One way to test your APK expansion file is uploading your APK and main expansion file to Google Play and after it's available, install from Google Play. But this is a time consuming way. Other possibility is renaming the expansion file and putting it to the correct directory.

Regardless of the file type, Google Play considers them opaque binary blobs and renames the files using the following scheme:

   [main|patch].<version-code>.<package-name>.obb

For example, suppose your APK version is 2 and your package name is com.example.app. If you upload a main expansion file, the file is renamed to:

   main.2.com.example.app.obb

When Google Play downloads your expansion files to a device, it saves them to the system's shared storage location. The specific location for your expansion files is:

   <shared-storage>/Android/obb/<package-name>/

According to the previous example, main expansion file should be placed at:

   /sdcard/Android/obb/com.example.app/main.2.com.example.app.obb

Main and Patch Expansion Files

Each time you upload an APK using the Google Play Android Developer Console, you have the option to add one or two expansion files to the APK. Conceptually, each expansion file plays a different role:

  • The main expansion file is the primary expansion file for additional resources required by your application.
  • The patch expansion file is optional and intended for small updates to the main expansion file.

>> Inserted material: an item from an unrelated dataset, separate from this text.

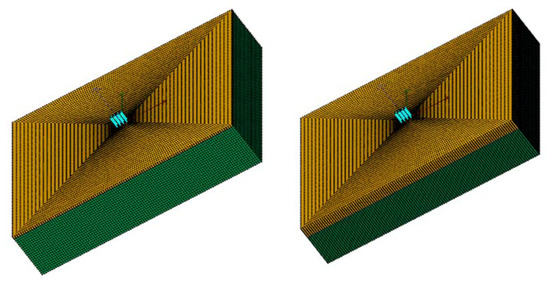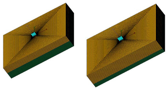 Numerical simulations were performed with OpenSeesPL (an open-source computational platform) [18], by the Pacific Earthquake Engineering Research (PEER) centre. In particular, the Opensees PL platform, developed by the authors of [19] at University of California, San Diego, was applied to model the different case studies. Tridimensional soil meshes were described with BrickUP isoparametric elements. These elements allow to consider both the displacements (longitudinal, transversal and vertical: degree of freedom: 1, 2 and 3, respectively) to simulate the dynamic response of the soil. One 3D mesh for every considered configuration (total: 4, as shown in Figure 1) has been implemented to model a building resting on a sandy soil domain. What changes between the 4 3D meshes is the location of GSI that is located between the first (yellow) layer and the second (green) layer that have the same the same properties. The dimensions of the elements inside the mesh followed the previous contributions [1,17]. Furthermore, the performance of the lateral boundaries was verified by comparing the accelerations at the top of the mesh with those obtained under the free field (FF) conditions to reproduce wave mechanisms. Mesh discretization was derived considering a 100 m/s as the lowest shear wave velocity and a 10 Hz as the maximum frequency.

While you can use the two expansion files any way you wish, we recommend that the main expansion file deliver the primary assets and should rarely if ever updated; the patch expansion file should be smaller and serve as a "patch carrier," getting updated with each major release or as necessary.

When a file needs to be loaded from the resource directory, it's first looked at patch expansion file (if exists) and then main expansion file (if exists) and then APK.